───── Input ─────

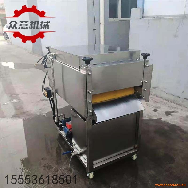 粽葉清洗機,蘆葦葉刷洗機,采用雙層毛刷刷洗的工作方式,將粽葉清洗干凈,適用于箬竹葉,蘆葦葉,槲樹葉等。粽葉清洗機由上下二排毛刷輥組成,刷輥轉(zhuǎn)動時,粽葉在兩排毛刷之間運動, 對粽葉的兩面同時進行滾刷,使粽葉達(dá)到清洗的目的。設(shè)備帶有水循環(huán)系統(tǒng),清洗完的水經(jīng)過濾再經(jīng)水泵抽到上方噴淋管進行二次被利用,以節(jié)約用水。操作工將粽葉喂入設(shè)備,進入上、下二層毛刷輥洗刷,由于組毛刷與后面毛刷有一定的速差,清洗時粽葉后端形成一定的拉力,從而模擬了人的動作,達(dá)到一次完成粽葉兩面清洗的目的,大大提高了清洗效率,降低人工成本。
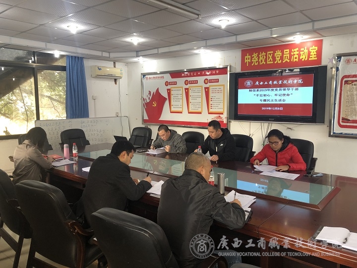 12月8日,財信系黨總支在中堯校區工會樓2樓會議室召開2019年度黨員領導干部“不忘初心、牢記使命”專題民主生活會。財信系班子成員蘇波、趙婷、裴朝東、譚序光同志參會,黨總支委員、組織員列席,學院黨委委員、副院長陳寧春同志參會并指導。
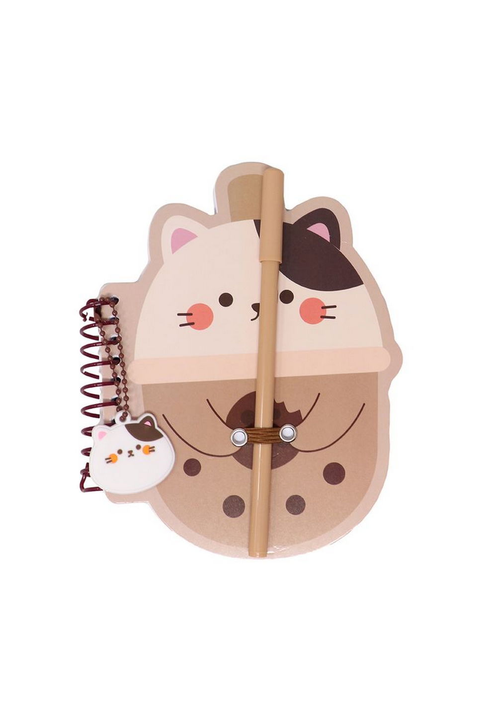 Miniso tiene para ti esta libreta de espiral en color caf\u00e9. | Dise\u00f1o de gatito estampado a contraste con detalle colgante. | Contiene 80 hojas blancas, incluye una pluma. | Tama\u00f1o 12.2x17 cm. | Gracias a su tama\u00f1o y dise\u00f1o te otorga una experiencia agradable de escritura. Modo de uso: Usar para escribir. Precauciones: Mantener lejos de fuentes de calor. Los ni\u00f1os lo deben usar bajo supervisi\u00f3n de un adulto
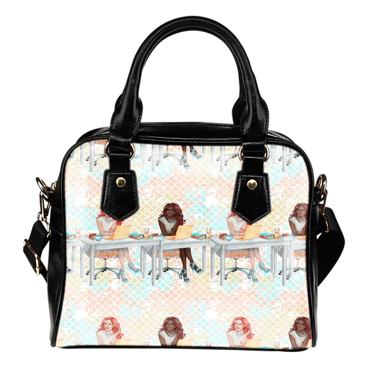 Crafter Fashion Themed Design B8 Women Fashion Shoulder Handbag Black Vegan Faux Leather
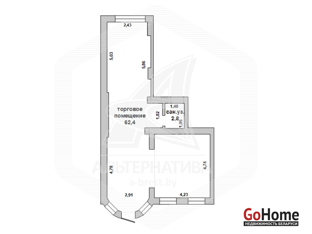 Торговое помещение в собственность в центре города Бреста (р - н колхозного рынка) общей площадью 65,2 кв.м. Изолированное помещение с отдельным входом расположено на 1 (первом) этаже жилого дома. Высокий пешеходный трафик. Торговый зал площадью 62,4 кв.м, отдельный санузел (2,8 кв.м). Высота потолков - 3,62 м. Технические характеристики помещения: полы - плитка, стены оштукатурены, окрашены, окна, двери - ПВХ. Установлены индивидуальные приборы учета электроэнергии и водоснабжения, пожарная сигнализация. Цена указана с НДС. В настоящий момент помещение сдано в аренду под общепит и приносит стабильный доход. Лот - 250617
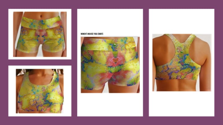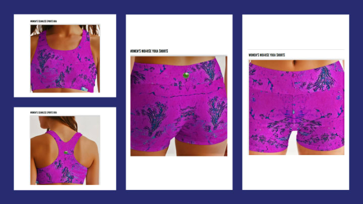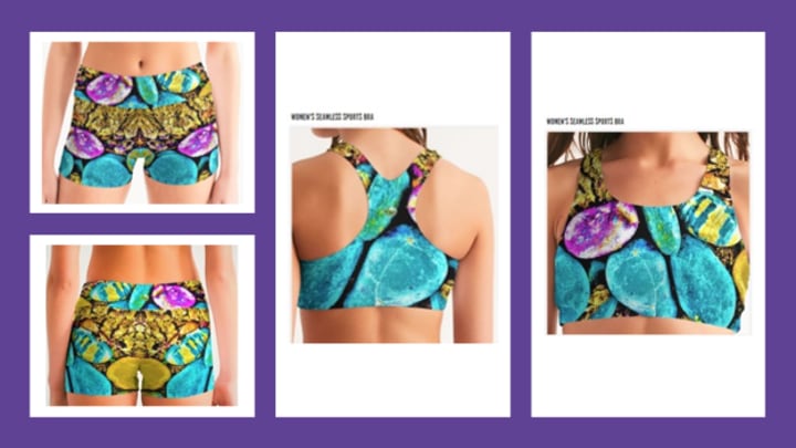 The above image of this beautiful Yoga wear is sea stones at the foot of a tree by the side of the road in Winter in New Jersey. I took the pictures and created this piece.
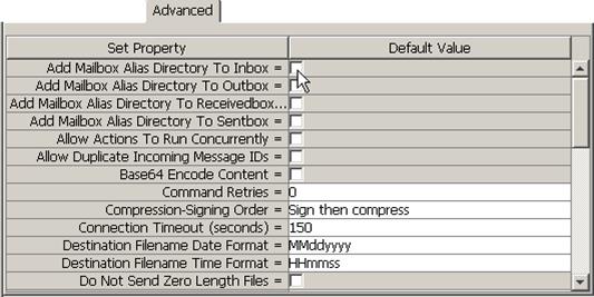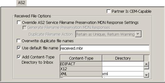 The Add Content-Type Directory to Inbox checkbox allows for sorting of incoming messages based on the content-type of the message to a subdirectory (under the Inbox specified on the General tab for the Host). You specify each of the content-types that you want directed to specified subdirectories by entering a name in the Directory field. Directory entries may be made for content-types of: EDIFACT, X12, XML, Binary, Plain Text, and Other (a default catch-all for messages with all other content-types you may receive.) The same subdirectory may be used for multiple content-types. You may also leave 'Directory' entries blank which will cause any received messages for that specific 'Content-Type' to be stored in the Inbox specified on the General tab.
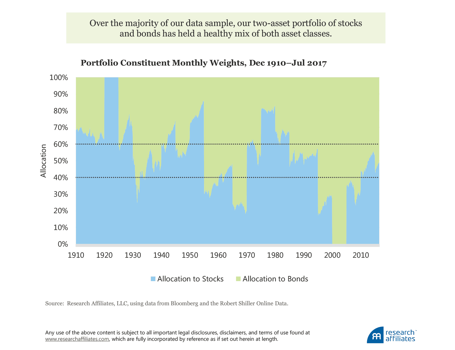 Over our data sample, two periods existed in which the portfolio was 100% invested in a single asset. In the early 1920s, the portfolio was 100% invested in stocks, whereas in the early part of the current century, it was 100% invested in bonds. The majority of the time, however, our portfolio has held a healthy mix of both assets. For example, starting in the 1960s and through the inflationary 1970s, the portfolio loaded up on stocks and sold bonds, before reversing course through the 1980s and 1990s. More recently, the strategy views both stocks and bonds as expensive and has been moving toward a more neutral 60/40 weight.
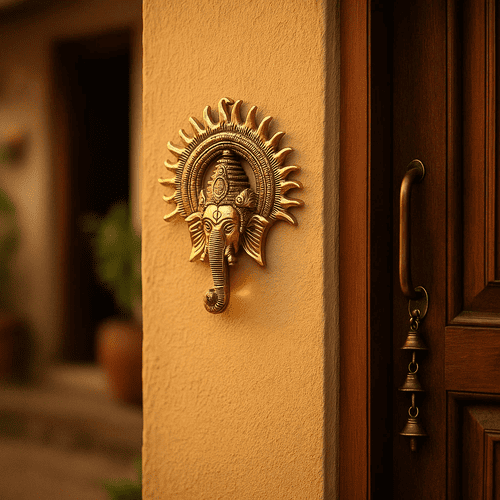 In Vastu and Hindu belief, placing a Ganesha image or idol at your home's entrance is believed to ward off negativity and attract auspiciousness. Lord Ganesha is always invoked at the beginning of any journey, making him the perfect guardian of your home.
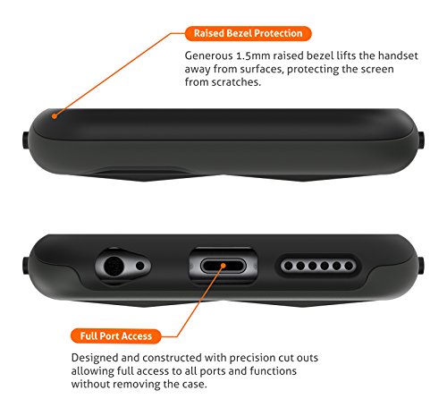 Custodia resistente con un piatto nero finitura satinata che è liscia e tattile al tatto. Più sottile custodia nella sua classe.
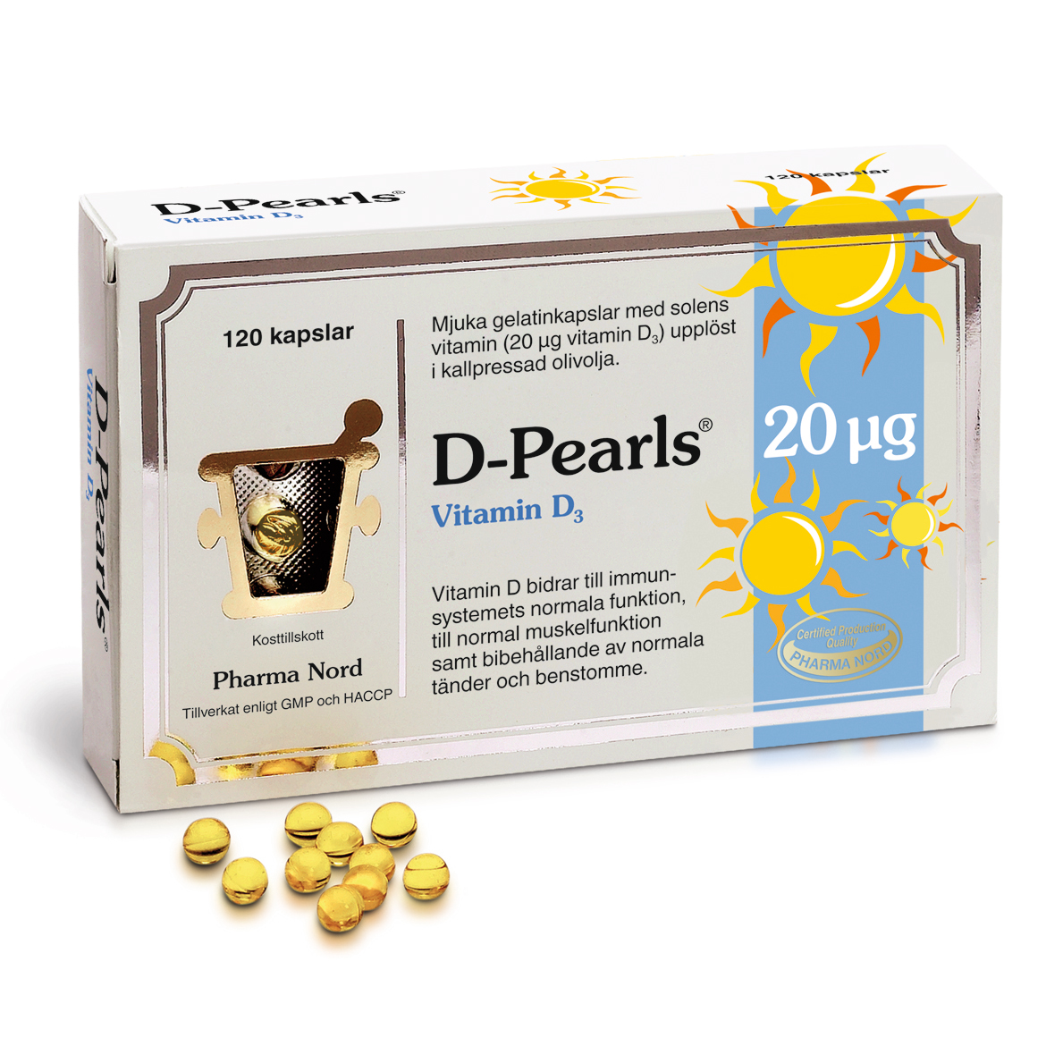 D-Pearls är små, mjuka gelatinkapslar med 20 mikrogram (800 IE) vitamin D3 i varje kapsel. Eftersom vitamin D är en fettlöslig vitamin är den löst i kallpressad olivolja för optimalt upptag i matsmältningssystemet. D-Pearls är små och därför lätta att svälja, men de kan även tuggas om så önskas. D-Pearls har testats av forskare vid universitetet i Oslo som gav idrottare olika doser av vitamin D från D-Pearls medan en grupp fick inaktiva placebokapslar. Studien visade att de olika doserna av D-Pearls absorberades väl av deltagarna medan de idrottare som fick placebo hade oförändrad koncentration av vitamin D i blodet.
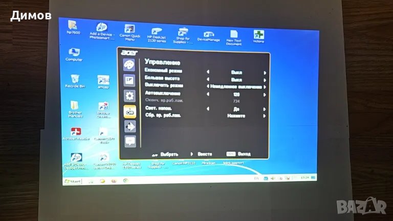 Режими на работа Ярък, Презентация, Стандартен, Видео, Игри, Образование, Кино, Тъмно кино, Спорт. Потребителски
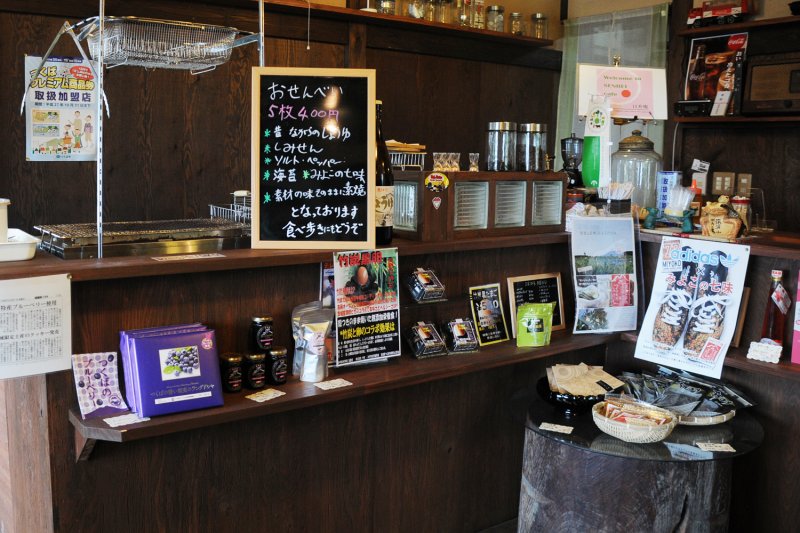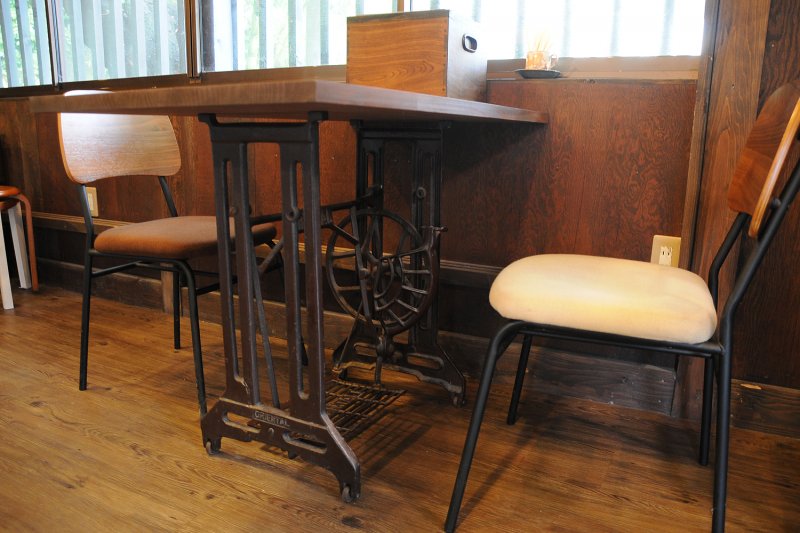 店内は、従来の「せんべい屋」のイメージを覆すようなおしゃれな雰囲気で、ご近所からいただいたという椅子や、店主の祖母が使っていたという「足ふみミシン」のテーブルなど、温かみのあるアンティーク家具が揃えられています。また、全卓に火鉢が置かれ、どこか童心に帰らせてくれるような佇まいです。
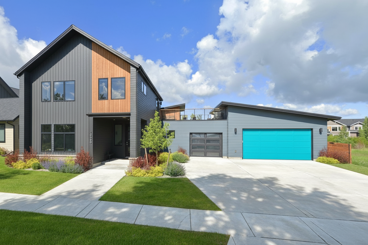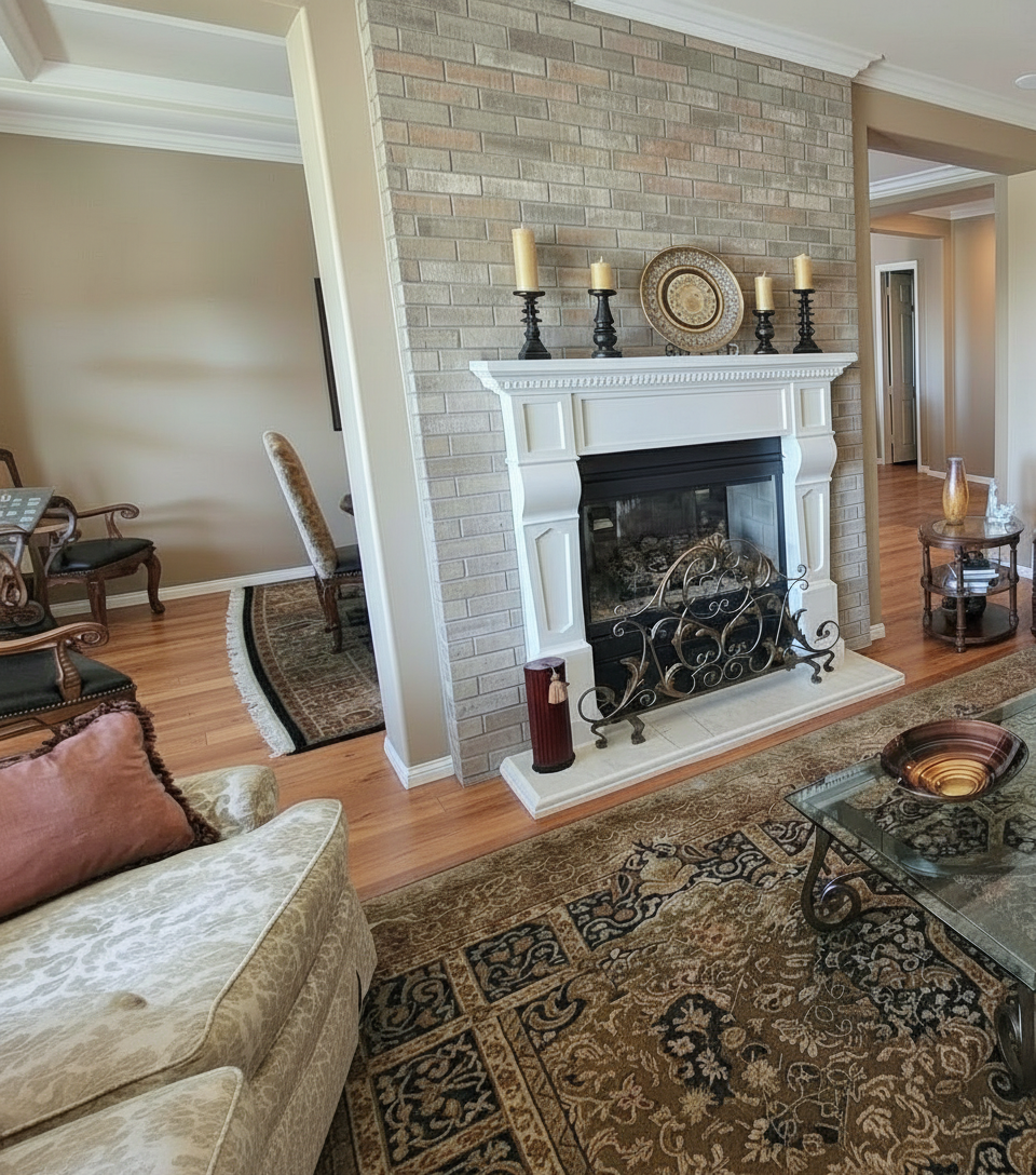 create a render in hyper realistic architectural visualization quality 8k architectural features must remain in place the wood cabinets are a light oak color little warmth the black cabinets are matte the countertop and backsplash is white with gray cloudy veins the glass cabinets have a black band trim dont delete anything from the image the spatial configuration must remain unchanged add gentle reflections soft shadows slightly enhanced color richness and luxurious level realism improve depth and realism through wood grain richness keepi the entire scene exactly as originally designed use general daylighting please add some decor throughout the kitchen especially in the glass shelves do not add any lighting in the ceiling add some trees visible outside the window
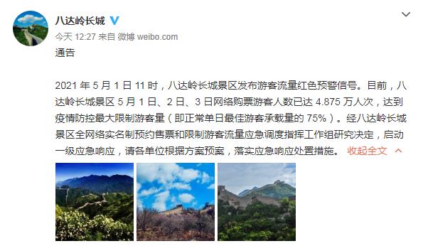 中新网5月1日电 八达岭长城官方微博1日发布通告称,5月1日11时,八达岭长城景区发布游客流量红色预警信号。目前,八达岭长城景区5月1日、2日、3日网络购票游客人数已达4.875万人次,达到疫情防控最大限制游客量(即正常单日最佳游客承载量的75%)。
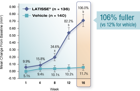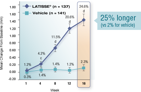 LATISSE® (bimatoprost ophthalmic solution) 0.03% is indicated to treat hypotrichosis of the eyelashes by increasing their growth, including length, thickness, and darkness.
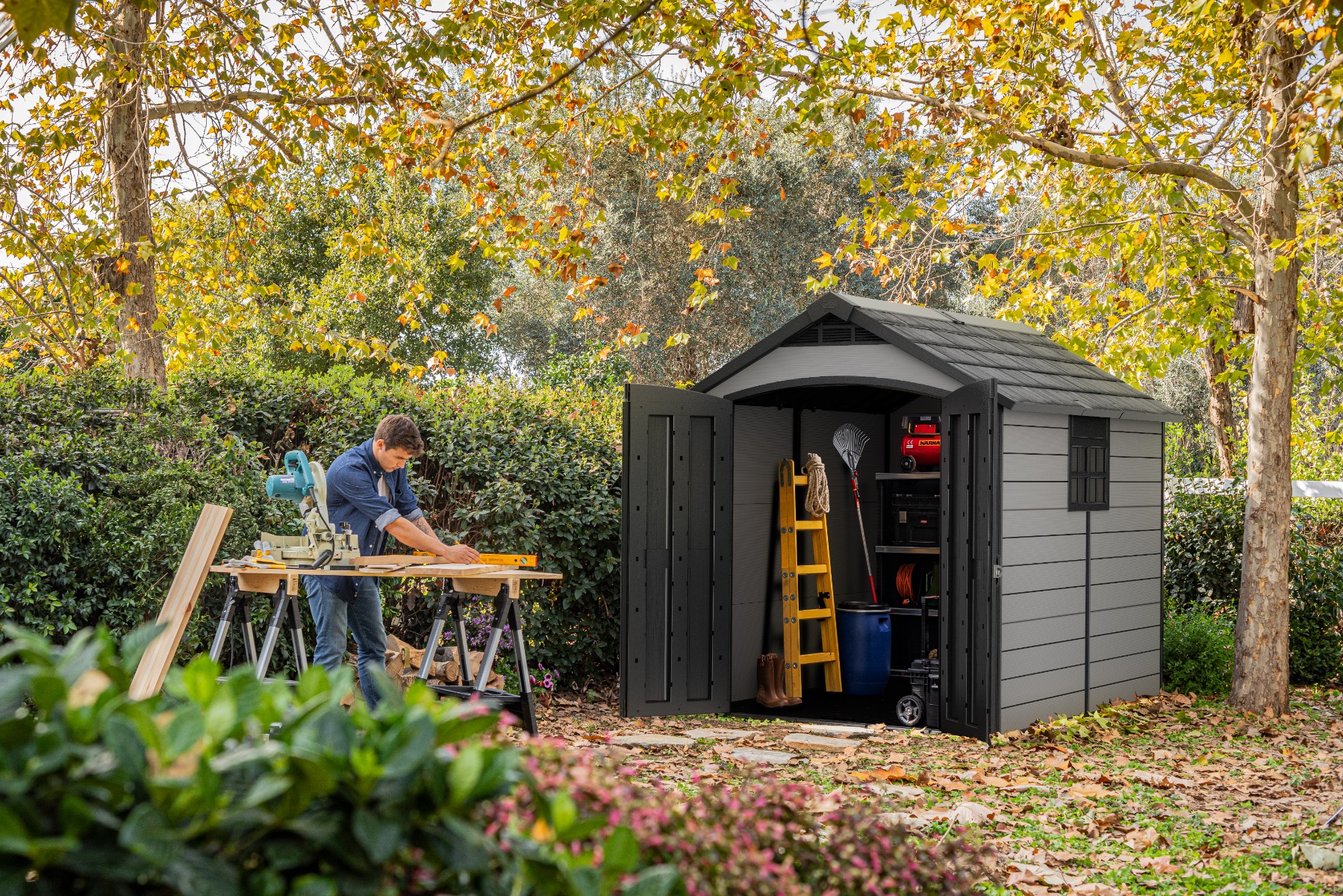Do domku lze snadno umístit nejen nářadí, ale také zahradní nábytek, květináče a sezónní vybavení. Jeho funkční interiér umožňuje pohodlný pohyb a přizpůsobení uspořádání vlastním potřebám.

─────

## What the task requires
Your copy should hold the lines from the one with "Miniso tiene para" up to and including the one with "Crafter Fashion Themed", exactly as in the data above, and no pictures.

## Answer for the task
 Miniso tiene para ti esta libreta de espiral en color caf\u00e9. | Dise\u00f1o de gatito estampado a contraste con detalle colgante. | Contiene 80 hojas blancas, incluye una pluma. | Tama\u00f1o 12.2x17 cm. | Gracias a su tama\u00f1o y dise\u00f1o te otorga una experiencia agradable de escritura. Modo de uso: Usar para escribir. Precauciones: Mantener lejos de fuentes de calor. Los ni\u00f1os lo deben usar bajo supervisi\u00f3n de un adulto
 Crafter Fashion Themed Design B8 Women Fashion Shoulder Handbag Black Vegan Faux Leather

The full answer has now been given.